Two working approaches:
```bash
# Variant A — log in manually in the active shell (survives multiple make invocations)
export BAO_ADDR=https://bao.digitalboard.ch
bao login -method=oidc -path=Digitalboard
export VAULT_TOKEN=$(bao print token)
make deploy_site_demo_gymburgdorf
# Variant B — chain both as ONE make invocation (token lives for the chain)
make bao deploy_site_demo_gymburgdorf
```
Login details and the secret pattern: [secrets.md](secrets.md#openbao-login).
## Known gaps and trade-offs
- **`opencloud` in `demo-gymburgdorf`:** Play present, but no
`opencloud_servers` group — runs as a no-op. If needed, add a group +
`host_vars`, see [inventories.md](inventories.md#walkthrough-creating-a-new-demo-tenant).

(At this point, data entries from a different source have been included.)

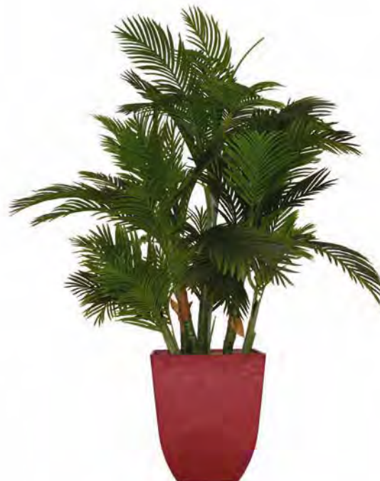
Plant: Areca Palm 150cm Pot: Victoria POAPM034
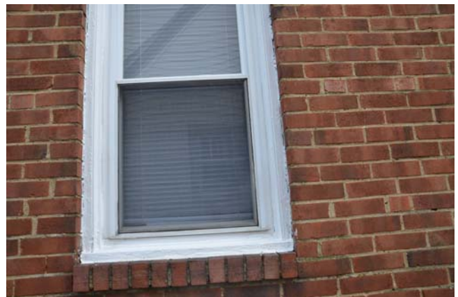
No peeling paint on exterior windows.
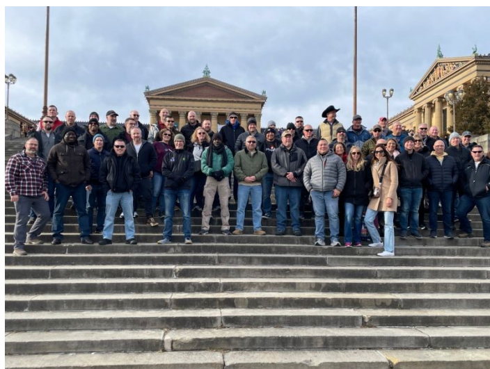
FBINAA Session 285 in Philadelphia
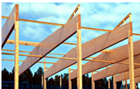
Figure 2. Alternative A_1 – double tapered glued laminated beams and columns

The first alternative structural system A_1 is composed of glued laminated timber, glued laminated columns and double tapered beams, as shown in Figure 2. Glued laminated columns are fixed rigidly to the foundations while glued laminated beams are flexibly supported on columns. Double tapered glued laminated beams form a slope which is necessary for water removal from roof. Glued laminated timber strength classes may be GL24, GL28, GL32, and GL36 according to standard EN 14080 (CEN, 2013). The straight axis elements may be glued up to 240 mm width, 2200 mm height and a maximum length may reach 40 meters.
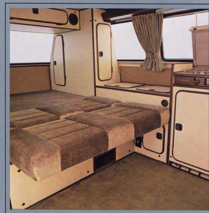
Wolfsburg Limited Edition Vanagon Camper in Merian Brown and Toscana Beige.

Volkswagen of America, Inc. believes the specifications in this brochure to be correct at time of printing. However, specifications, standard equipment and options are subject to change without notice. Some options may be unavailable when your vehicle is built. Please ask your dealer for advice concerning current availability of options and verify that your vehicle includes the optional equipment you ordered.
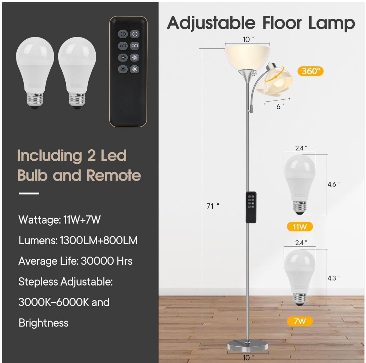
Image: A diagram illustrating the dimensions of the GERGO Floor Lamp and its main components, including the two LED bulbs and the remote control.
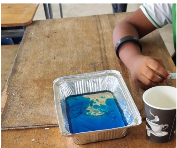
Figure 1 Oil spill experiment during vacation activities
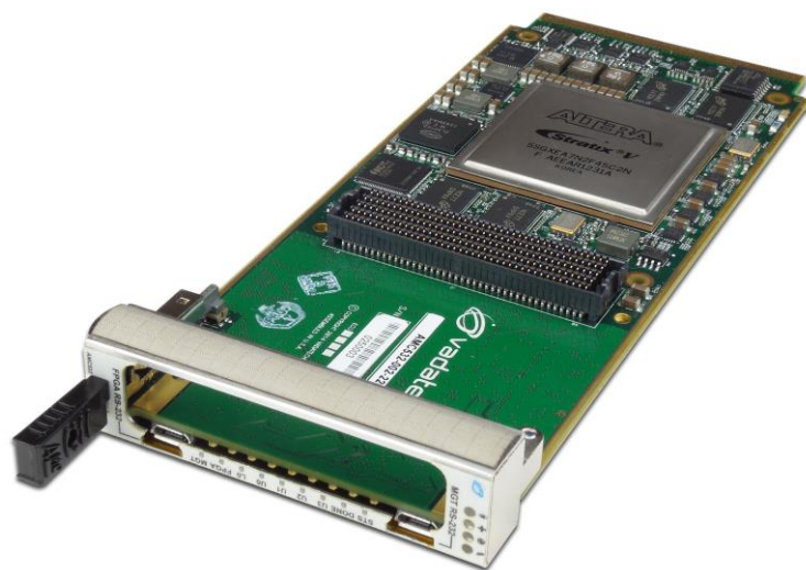
Figure 1: AMC532

See Intel FPGA Solutions for the advantages of using VadaTech products during application development.
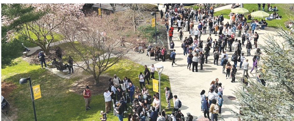
Students gathered outside Swirbul Library on April 8 to watch the solar eclipse.

Thanks to the eclipse, people all throughout the Adelphi community were brought together. 🐾
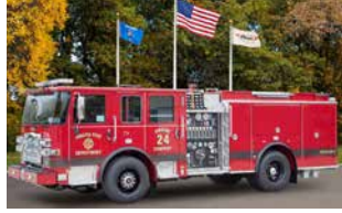
Proven reliability and trust, Omaha Fire Department switches to Darley's PSM 1500 pump.
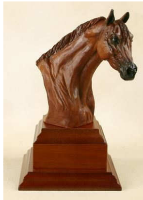
$80 AWARD – QH
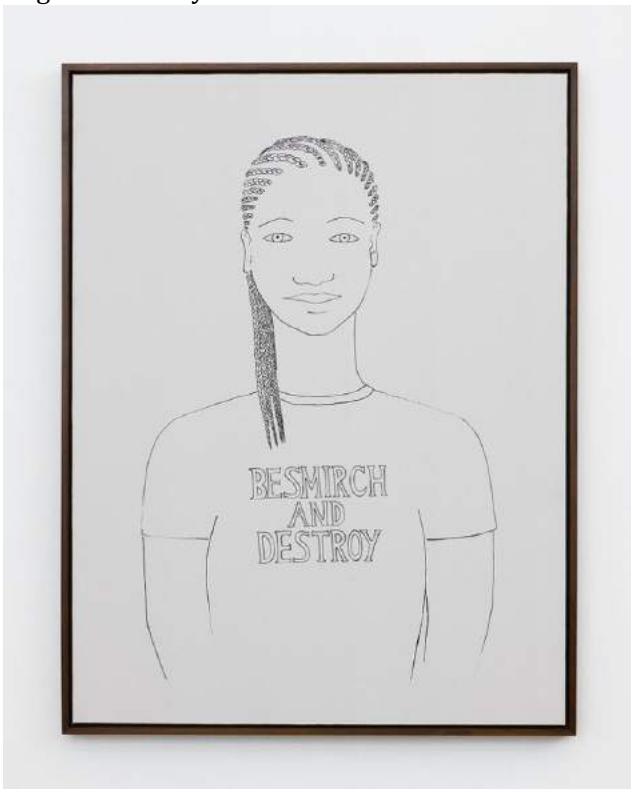
Stanya Kahn, Besmirch and Destroy , 2019, ink and gesso on canvas.

- **`turn` host:** defined in the DMZ, but no STUN/TURN role in
[playbooks/site.yml](../playbooks/site.yml) — provisioned only via `base` +
`traefik`.
- **Idempotency:** Roles are Docker-Compose-based; re-runs can
trigger container restarts when Compose inputs change. No
rollback mechanism — on failure, roll back manually.
- **TLS renewal:** handled internally by Traefik via ACME, no external
renew cron in the repo.
- **CI/testing:** currently not in the repo; smoke test via `make ping_demo`.
- **Logging:** `traefik_log_level: DEBUG` in `demo-gymburgdorf` and
`vagrant` (role default `INFO`) — reduce before adapting to prod.